'I felt very tender towards her,' Hugo said awkwardly. 'I've never felt like that with a woman before, not even a favourite whore. I felt as if I wanted her to sleep. I felt as if I wanted to guard her rest.'

The old lord barked a short laugh. 'That's not witchcraft – that is love,' he said briefly. 'I thought you'd never fall for it, Hugo. You're on a merry road now!'

For a moment the two men grinned at each other, warm with fellow-feeling.

'And for a little drab from the moor,' Hugo said wonderingly.

His father chuckled. 'You can never tell,' he said softly. 'And you'll fall hard, Hugo. I wager you do! She'll lead you a dance, that girl!'

'Never mind that!' Lady Catherine hissed. 'There is witchcraft here! What of her naming the year as 1538? What of her calling herself eighteen? How old is she now? Sixteen! And it's 1536! And what of your death? And what of me? She is in league with the devil, she is foretelling our ends – and in only two years unless she is stopped now!'

The old lord nodded. 'What d'you think?' he asked the priest.

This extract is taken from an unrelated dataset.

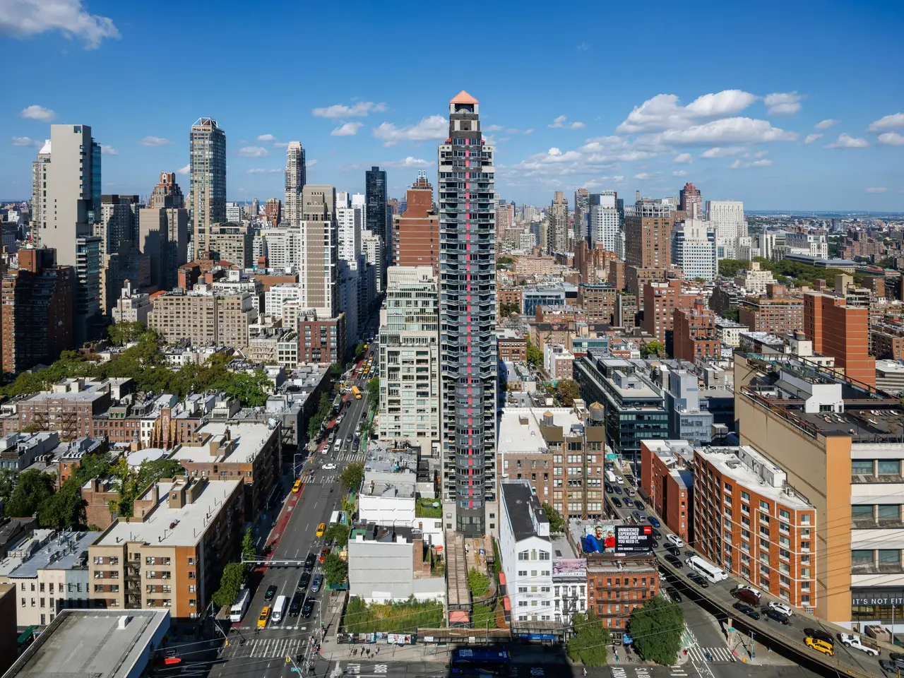 A Published Masterpiece in the Sky  Perched on the coveted northeast corner of the 35th floor, this residence is offered for the first time since its masterful designer renovation by Sarah Zames & Colin Stief of General Assembly. Reimagined with a clean material palette, the home balances refined architecture with effortless livability.  Walls of glass frame panoramic views across the ever-changing East Side skyline, creating a home of many moods and scenes. With balconies on both sides of the apartment, the vistas can be enjoyed from the outdoors as well. As Dezeen observed in its feature on the residence, the architects sought "a balance between the feeling of being in the air, while being grounded by the weight of the building."  The custom kitchen is anchored by a concrete waterfall island with a built-in wine fridge and microwave drawer. Light wood cabinetry frames the Thermador suite, including a 6-burner gas cooktop and oven, Sapphire Glow dishwasher, and refrigerator with Open Door Assist- just a gentle touch opens the door, the ultimate luxury detail.  Windows line the kitchen, filling the space with light and lively city views, turning daily routines into moments of enjoyment. Honed Caesarstone counters and a sophisticated ceramic tile backsplash complete the modern design, while built-in shelving offers a stylish home for barware, vases, and everyday essentials.  The primary suite offers a serene retreat, complete with two closets plus a 14-foot walk in by California Closets. Pocket doors provide quiet separation, while custom millwork introduces floating bedside tables and subtle ledges for art or keepsakes. A unique architectural opening filters natural light between the bedroom and bath, elevating both spaces.   The ensuite is finished with a travertine vanity, soaking tub, Japanese washlet, matte black fixtures, and richly hued vertical tile, a striking marriage of warmth and refinement.  The second bedroom includes a generous closet and is enclosed by a sliding panel of reeded glass, a purposeful design choice that allows natural light to filter through while maintaining privacy. This thoughtful detail makes the room ideal not only as a bedroom but also as a home office or den. The other full bath features a stall shower, midnight cabinetry, travertine vanity, brass fixtures, and a Japanese washlet.  Additional thoughtful details include discreet TV wall behind sliding door, built-in entry storage, motorized shades, Lutron-controlled lighting, anti-UV window films, and split AC units in the bedrooms.  The Landmark is a full-service luxury building offering a modern lobby, landscaped roof deck, garage with Zipcar, and on-floor washer/dryer access. Two dogs or cats are welcome per apartment!

The man's face was brooding. 'I know not what to think,' he said. 'It looks very bad. I should want to think and pray for guidance. God will send us a sign to protect us from these terrors within our walls.'

Lady Catherine leaned forward, her eyes glittering in the candlelight. 'Your own lord is threatened with death in a year's time and you know not what to think?' she asked. The priest stared back at her, unafraid. 'There is malice in the witness against her,' he said levelly. 'Maybe this wench dislikes her, you certainly have reason to hate her, my lady. If she is accursed then it will show in her speech and behaviour. I think we should see her and judge her on her behaviour when she is accused.'

'And let her enchant you all!' Catherine cried out. 'Be still, Madam,' the old lord rumbled. He nodded to Hugo. 'Call for Alys,' he said. 'We'd better have her here.'

The priest looked briefly at Catherine and seated himself at the table in the window. 'She will not enchant me,' he said briefly. 'I have ordered many witches to their deaths. I have watched many women take ordeals where strong men have turned aside sickened. I am merciless in the work of God, Lady Catherine. If she is on the side of the devil then she should surely fear me.'

Hugo strolled to the door, shouted for a servant again and ordered him to seek Alys. 'I believe in none of this,' he said conversationally. 'No magic, no witches, no spells. I believe in the world I can see and touch. All the rest is fairy-tales to frighten little girls.'

Father Stephen exchanged a glance with him. 'I know you like to think so, Hugo,' he said with affection. 'But you go dangerously close to heresy yourself if you deny the fallen angel and the battle against sin.' Hugo shrugged.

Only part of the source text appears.